Inside Texas’s Exclusive, Bizarre Enclave of Family Offices

Photographs by Laura Buckman

Photographs by Laura Buckman

‘The smart people that read Institutional Investor would think I’m an idiot. But one of the nice things about being 65 is that you don’t care.’

The armed guards know who doesn’t belong. Take a few steps past the open gates of Dallas’s Old Parkland — a former hospital complex that’s now an exclusive investor enclave — and security will be on you, all southern charm and sidearms.

Walking is a dead giveaway, for one. Texans do not walk outside. Black SUVs with tinted windows and Teslas are the favored modes of transport in and out of Old Parkland. Even the underground garages have become legendary. “There are incredible sculptures in the parking lot,” says one consultant who visits frequently. If you can’t gaze at a masterpiece while your Tesla parks itself, are you even living?

Contrary to rumors, Old Parkland is not technically invite-only. Insiders prefer to describe the community as “curated,” which is a genteel way of saying “exclusive.” Anyone can ask to lease space at Old Parkland, which leads the Dallas market in high-end office property. The board, in turn, is free to reject applicants.

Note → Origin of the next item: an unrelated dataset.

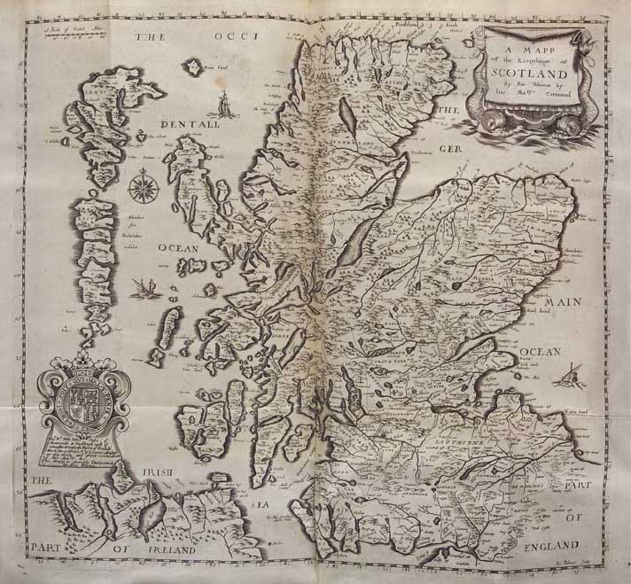 Britannia: or, a geographical description of the Kingdoms of England, Scotland, and Ireland, with the isles and territories thereto belonging ... there is added an Alphabetical table of names and titles, seats of the nobility and gentry that each county of England and Wales is, or lately was, enobled with ... 1st edition, titlepage in red and black, with 49 maps (of 50, lacking that of the Isle of Wight, etc.), and a plan of London, also with 24 plates illustrating 812 coats of arms, contemporary calf, repaired and rebacked, 3 leafs of the illustrations of arms with 2 inch splits at the inner margin affecting the engraved surface of the plates (but with no actual loss), folio, London: Roycroft, 1673

“We’re in the business of renting space, so I don’t want to act too pretentious about it,” says Harlan Crow, the visionary billionaire developer behind Old Parkland. “It’s a business. But there is an additional screen — and a ‘screen’ might be a hard word, but you want people that are really involved. Not just successful business practitioners, but people that care.”

Take hedge fund founder Harlan Korenvaes, for example, Crow says. Korenvaes ran HBK Investments until 2003, when he retired to run his personal fortune. He and a small investment team work from a suite at Old Parkland, one of the many family offices in the complex. Korenvaes serves on the Old Parkland board and is a powerful leader in the Dallas investment scene. As Crow notes, “You really want people that place a high priority on involved citizenship.”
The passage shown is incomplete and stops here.